Rhodopsin is a light absorbing pigment; it efficiently absorbs light in the middle of the visual spectrum with a maximum at 500nm. Rhodopsin is the major protein of the rod outer segment (ROS), a cellular domain that captures light and initiates the visual response. Rhodopsin is made in the rod inner segment (RIS) and is transported from there to the ROS on small membrane spheres called vesicles.

The protein Rhodopsin contains the protonated retinal-Schiff’s base complex, which naturally lies in the inter-membrane pocket formed by the seven trans-membrane a-helical receptors. There are many flat discs of rhodopsin within the outer segment of a rod cell, which upon light detection undergo a photo-isomeric change from Rhodopsin (11-cis) to all-trans retinal.  

Rhodopsin consists of the protein opsin linked to 11-cis retinal a prosthetic group. Retinal is the light absorbing pigment molecule and is a derivative of vitamin A.  Opsin is a member of the 7TM receptor family. Rhodopsin is a protein in the membrane of the rod photoreceptor cell in the retina of the eye. It catalyses the only light sensitive step in vision. The 11-cis-retinal chromophore lies in a pocket of the protein and is isomerised to all-trans retinal when light is absorbed. The isomerisation of retinal leads to a change of the shape of rhodopsin, which triggers a sequence of reactions, which lead to a nerve impulse. This is transmitted to the brain via the optical nerve.

Rhodopsin (4th of the 5 intermediates) triggers an enzymatic cascade process resulting in the hydrolysis of GMP. This in turn closes cation-specific channels within the rod cell membrane, which are naturally open to influx of Na + in the dark, and due to the effect of hyperpolarisation, the inner synaptic body sends a nerve signal to other neurons in the Retina. Finally the light-induced lowering of calcium levels aids recovery of excited neurons to a passive, “dark” state and the cycle starts again upon detection of light.  The photoreceptors of cone cells are also seven a-helical receptors with 11-cis-retinal as their chromophore.

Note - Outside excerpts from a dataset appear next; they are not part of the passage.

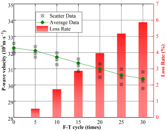 The physical parameter P-wave velocity was sensitive to the micro-morphology in the medium, so it can be used as an appropriate indicator to examine the damage on the microscopic scale [24]. In this study, the P-wave velocity was used to understand the degree of cracking with F-T action. Figure 8 showed the average P-wave velocity with the different number of F-T cycles and reflected that the F-T action significantly affected the P-wave velocity of the samples. From that, the P-wave velocity showed a decreasing trend under F-T action, with the average P-wave velocity decreasing by 5.8% after 30 F-T cycles. With increased crack density, however, the P-waves reflected, refracted, diffracted, or scattered through cracks in the medium, and the corresponding P-wave velocity slowed down [25]. Therefore, the variation in Figure 8 signified that plenty of micro-cracks have formed inside the tested samples. In addition, the decrease in P-wave velocity also indicated the reduction in the microstructural density of the tested samples that were subjected to F-T action.
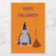 This awesome sheet of mini wine bottle labels features a digital art image of a cute grey rat witch with pink ears, nose, feet and tail. The rat is wearing a black pointed hat with a gold buckle and purple stars all over it. The rats is also wearing a black cloak also covered in purple stars. Next to the rat is a brown broom made of twigs. This rat is dressed up ready for a Halloween party. There is custom text so you can include a message.
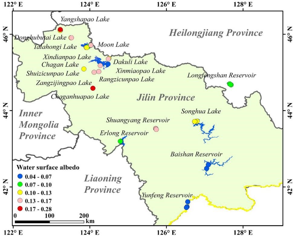 圖1 采樣點(diǎn)湖泊反照率空間分布

Humans cannot make Rhodopsin, instead they use and external source, b -carotene, that is found in food in order to synthesis it. Light falling on the retina brings about certain chemical changes in the rhodopsin and other substances present in the rods and cones. These changes occur very rapidly, but large quantities of vitamin A are needed to bring this about. If there is any marked deficiency of vitamin A, night blindness may occur.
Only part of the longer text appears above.